Zhang Linmei, Zhu Enzhao, Cao Shaokang, Ai Zisheng, Su Jiansheng
Shanghai Engineering Research Center of Tooth Restoration and Regeneration, Tongji Research Institute of Stomatology, Department of Prosthodontics, Stomatological Hospital and Dental School, Tongji University, Shanghai, China.
School of Medicine, Tongji University, Shanghai, China.
Head Neck. 2025 Feb;47(2):517-528. doi: 10.1002/hed.27938. Epub 2024 Sep 20.
The use of postoperative radiotherapy (PORT) in patients with oral squamous cell carcinoma (OCSCC) lacks clear boundaries due to the non-negligible toxicity accompanying its remarkable cancer-killing effect. This study aims at validating the ability of deep learning models to develop individualized PORT recommendations for patients with OCSCC and quantifying the impact of patient characteristics on treatment selection.
Participants were categorized into two groups based on alignment between model-recommended and actual treatment regimens, with their overall survival compared. Inverse probability treatment weighting was used to reduce bias, and a mixed-effects multivariate linear regression illustrated how baseline characteristics influenced PORT selection.
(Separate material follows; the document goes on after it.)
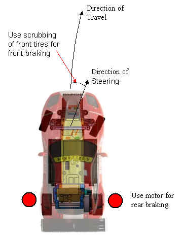 Another way to get the front wheel to do some braking. When you steer, it the same as braking. Is obvious if you want the car to go as fast as possible, the front wheel should be pointed straight. Everyone knows the car slows down whey you steer. Therefore, if you do want to slow down, steer the front wheels. This is especially true if car is set up to understeer. If you snap the front wheels to turn suddenly, the entire car can't react that fast, so the front wheel is turned while the car is still moving forward. This scrubs off speed. Use the motor to brake the rear. Now you have 4 wheel braking. That should slow the car down enough for the corner.
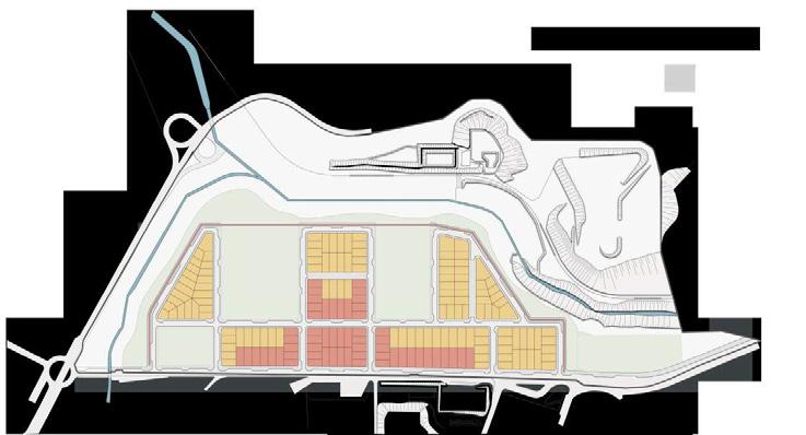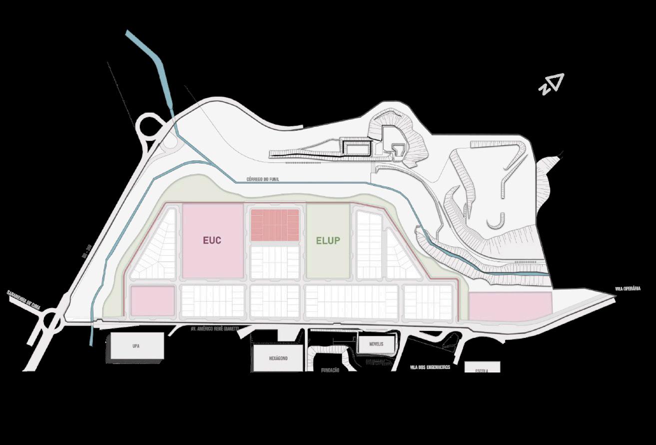 INSTITUCIONAL EUC CONEXÕES FUNCIONAIS VISADAS INTERESSANTES ELUP PONTENCIAL RESIDENCIAL FLUXOS E HIERARQUIAS CONFIGURAÇÃO DAS VIAS CONEXÕES E VISADAS SOCIABILIDADE E TROCAS PONTENCIAL COMERCIAL PARÂMETROS URBANÍSTICOS ZONEAMENTO COEFICIENTE DE APROVEITAMENTO TAXA DE OCUPAÇÃO DE PERMEABILIDADE LOTE MÍNIMO TESTADA MÍNIMA QTUH AFASTAMENTO FRONTAL AFASTAMENTO LATERAL ZEIS (Sobrepondo ZAR - 2) ZAR 2 + 50% = 1,5 ZAR 2 + 25% = 62,5% ZAR 2 - 25% = 22,5% 125 m² 5 m 25 m²/ unidade 3 m 1,5 m PARÂMETROS URBANÍSTICOS INSTITUCIONAL EUC CONEXÕES FUNCIONAIS VISADAS INTERESSANTES ELUP EUC ELUP AV. AMÉRICO RENÊ GIANETTI RUA E e RUA C, G e K RODOVIA BR-356 VIA COLETORA VIAS LOCAIS VIAS COMPARTILHADAS CICLOVIA PONTENCIAL RESIDENCIAL RUA B, F, J e L LOTEAMENTO Diagrama de diagnóstico do terreno de estudo Produzido por: Vinícius Pontes

4990 patients with OCSCC met the inclusion criteria. Deep Survival regression with Mixture Effects (DSME) demonstrated the best performance among all the models and National Comprehensive Cancer Network guidelines. The efficacy of PORT is enhanced as the lymph node ratio (LNR) increases. Similar enhancements in efficacy are observed in patients with advanced age, large tumors, multiple positive lymph nodes, tongue involvement, and stage IVA. Early-stage (stage 0-II) OCSCC may safely omit PORT.
This is the first study to incorporate LNR as a tumor character to make personalized recommendations for patients. DSME can effectively identify potential beneficiaries of PORT and provide quantifiable survival benefits.
口腔鳞状细胞癌(OCSCC)患者术后放疗(PORT)的使用缺乏明确界限,因为其显著的抗癌效果伴随着不可忽视的毒性。本研究旨在验证深度学习模型为OCSCC患者制定个性化PORT建议的能力,并量化患者特征对治疗选择的影响。
根据模型推荐的治疗方案与实际治疗方案的一致性将参与者分为两组,并比较他们的总生存期。采用逆概率治疗加权法减少偏差,混合效应多元线性回归说明了基线特征如何影响PORT选择。
4990例OCSCC患者符合纳入标准。混合效应深度生存回归(DSME)在所有模型和美国国立综合癌症网络指南中表现最佳。PORT的疗效随着淋巴结比率(LNR)的增加而提高。在老年、肿瘤较大、多个阳性淋巴结、舌部受累和IVA期患者中也观察到类似的疗效提高。早期(0-II期)OCSCC患者可安全地省略PORT。
这是第一项将LNR作为肿瘤特征为患者提供个性化建议的研究。DSME可以有效地识别PORT的潜在受益者,并提供可量化的生存益处。